Notably, people in industry and finance have predominantly hosted the reductionist approach. With their blinkers on they are focused on one aspect and fail to see the consequences of their actions on the whole system. Ecologists do not believe that this ‘silver bullet’ approach will solve our problems relating to environmental decline, economic growth and health care. As we are seeing, fossil fuel companies are profiting hugely on that silver bullet to economic growth. Meanwhile, the natural world suffers and the services we rely on are threatened globally.
In relation to biodiversity decline, a holistic view takes a step back and analyses various factors that are adding to the existential crisis. Factors such as intensive farming, soil degradation, deforestation, desertification, acidification and famine that all come because of a warming world. It may seem obvious that ‘reducing emissions will equal less climatic changes but the system’s this affects is multi-faceted and simply cannot be fixed with one solution. To make change, a holistic approach is preferred that reconciles the diversity of people, their knowledge and communities.

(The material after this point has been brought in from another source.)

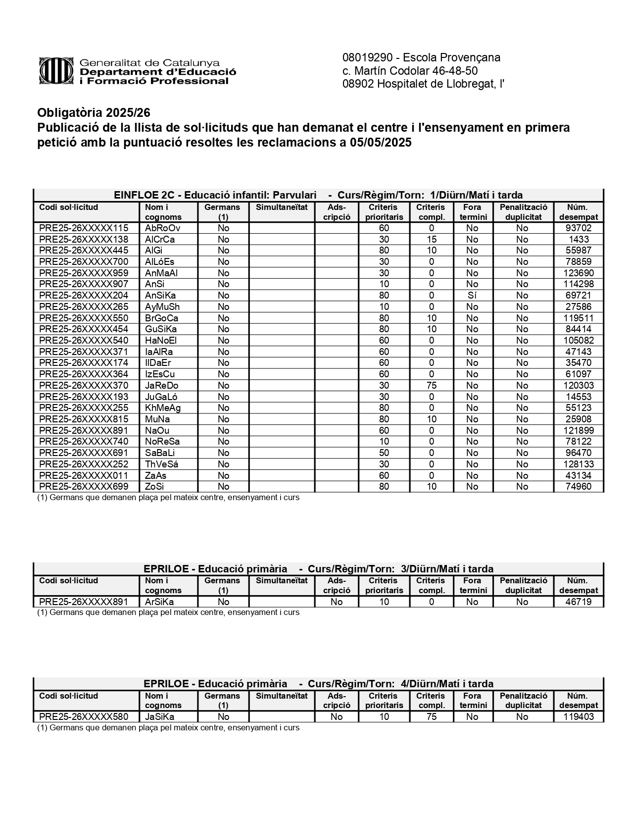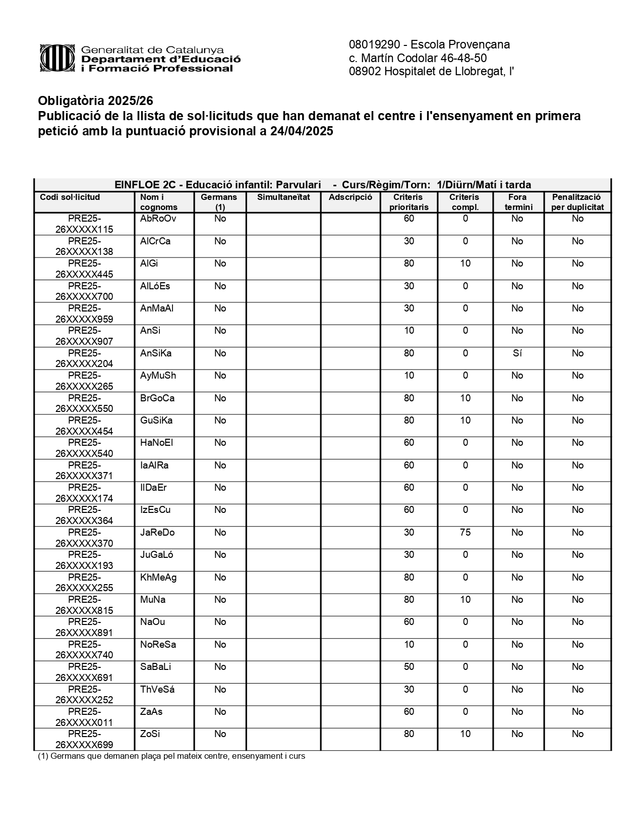 06/05/25Us volem informar que s’ha obert la convocatòria per demanar la beca menjador pel curs escolar 2025-2026.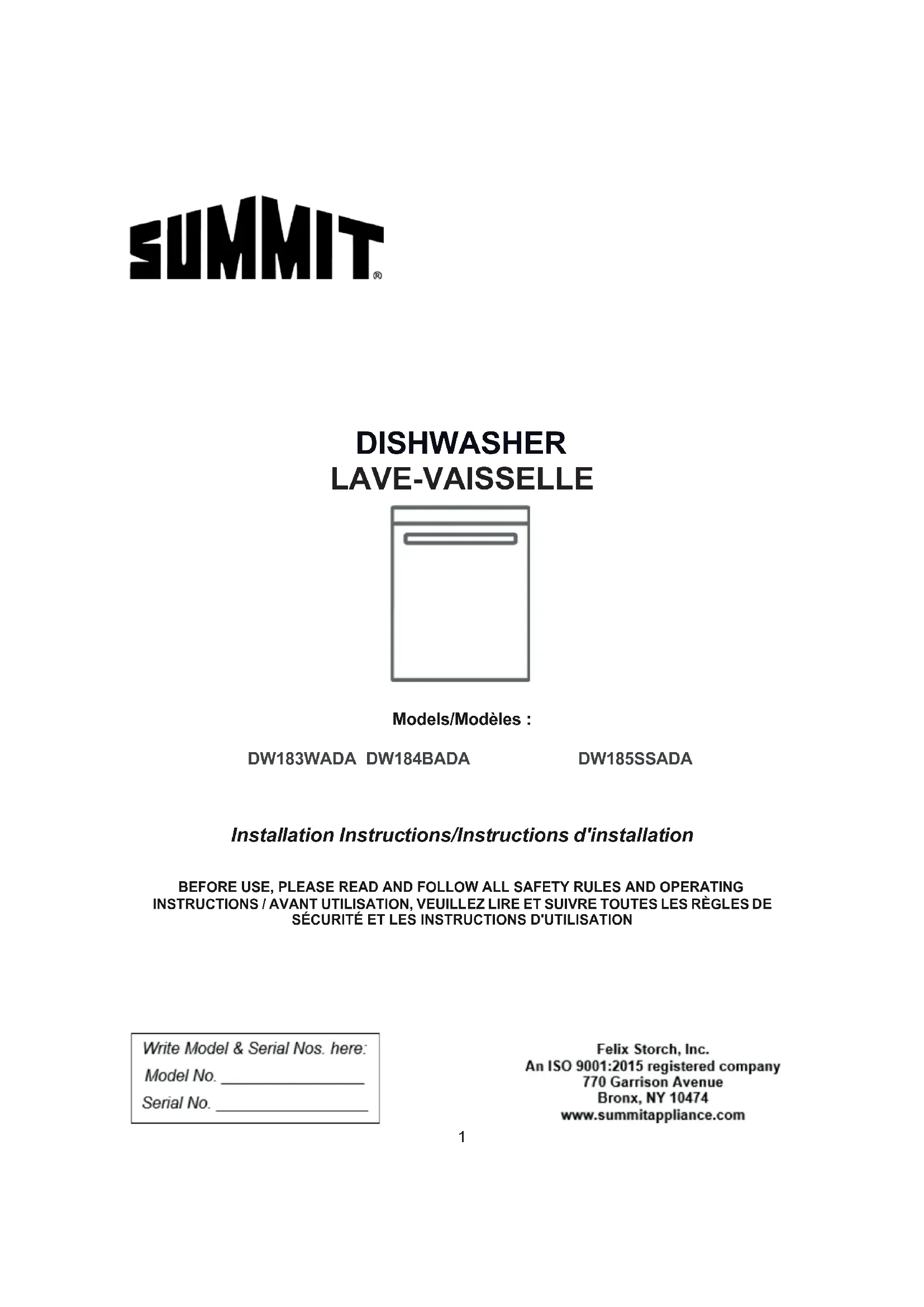 DW18SS4ADA - Lave-vaisselle Summit - Notice d'utilisation et mode d'emploi gratuit

Conservation cannot be just for ‘conservationists’, it must be incorporated into our everyday actions and business decisions.
A holistic view further embraces the saying,
‘Man did not weave the web of life. He is merely a strand within it and whatever he does to the web he does to himself’. So, who would we become if we honoured the non-human world as if it matters to us and to them? Why has this not been incorporated into our learning and early education?
As a people, wherever you are from, whatever the colour of your skin, religion or sandwich choice we must come together and protect the one thing we all have in common. Nature. It isn’t just about being inclusive to each other but to the natural world and how our actions are affecting it now and in the future. Recognising our wonderful human ability to think and live we must work to better recognise the wonder and importance of the natural world, before it is far too late.